You may already have people enabled on AI, and that's great. But for the most part, what we've seen is either folks haven't started at all, or if they have started, it's been very ad hoc. They might have given some team members licenses to something like Copilot, or they've allowed some of their developers to experiment with GitHub Copilot. But they there hasn't really been a top down or bottom up effort to understand where AI can make the most impact for the organization and then roll it out from there.

So what we like to do is start by figuring out what users need. You know, we took a look at some of the Gartner use cases earlier. We found that while that can be valuable in some cases, the best way to figure out where I AI can make a difference is to start by talking directly to the practitioners, and by the team on the ground. And not by asking them where would you like to use AI in your job, but instead asking them, how do you do your job today?

What systems do you touch? What are the pain points? What are the challenges?

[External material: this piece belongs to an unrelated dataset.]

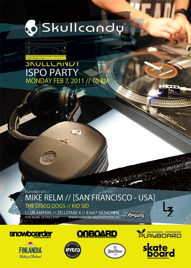 Für all diejenigen, die die Bright gut überstanden haben und entweder schon in München auf der ISPO sind oder auf dem Weg dorthin, haben wir auch noch einen Ausgehtipp für den Montag Abend. Ab 22:00 Uhr bittet SKULLCANDY im Ampere Club auf dem Muffatgelände zum Tanz.

What's annoying about it?

What do you like about it? What if you could change one thing about the way your job works today, what would you change?

We've done that for a couple clients, and it's been really interesting because we found that in a lot of cases, the results we get by by asking these questions, and we do this via a survey that's very low touch. We're not taking people out of their day jobs and putting them in a room to gather requirements from them because everybody hates that. We found that we've get gotten some insights as as far as how people do their jobs and the pain points, that they experienced that was not on the leadership team's radar at all. And and they were very surprised and very grateful that we were able to extract that information. Because by doing that, we were then able to say, hey. Let's focus on this particular area because we know AI can help here, and we also know that it would make a big difference to your team.

So step one is figuring out what the users need and then starting to prioritize, okay. We wanna focus on this use case first.

Then the next important thing to do is to build something, even if it's imperfect, and get it in the hands of the users that are gonna be using it every day to make sure it's fit for purpose and get their feedback. We found that the best way to get value from AI is to build, test, improve, build, test, improve, and iterate like that very quickly so that you can go from a prototype to a hardened pilot, in some cases, in just a couple of weeks. By doing that in that way as opposed to waiting for weeks or months or however long to deliver a finished product to the users, you're able to gain a lot more benefits and a lot more feedback more quickly so that you're able to ultimately end up with something more robust in production and potentially months faster than you otherwise would have.

And then the third step is to, take what you've experimented and iterated on, roll it out across your organization, teach your people how to use it, and continuously improve it. The one thing about AI that is really cool but also really scary is how fast it's moving. So it's important that if you put something into production, even if it's adding value right now, and that's great, it's important to continue to keep tabs on it to make sure it's continuing to add value and also that there isn't a new solution out there that could somehow be integrated with what you've already built to add even more value or help your team keep up with the capabilities that are out there. A lot of you probably know that LLMs are notoriously fickle.

If you've built a a solution that relies on output from an LLM to generate some kind of some kind of content or response to a a user query, oftentimes, you can't predict what that, output is gonna be. So keeping tabs on the user experience and the quality of the outputs that are being generated is very important to make sure that people continue to use it and that it continues to add value.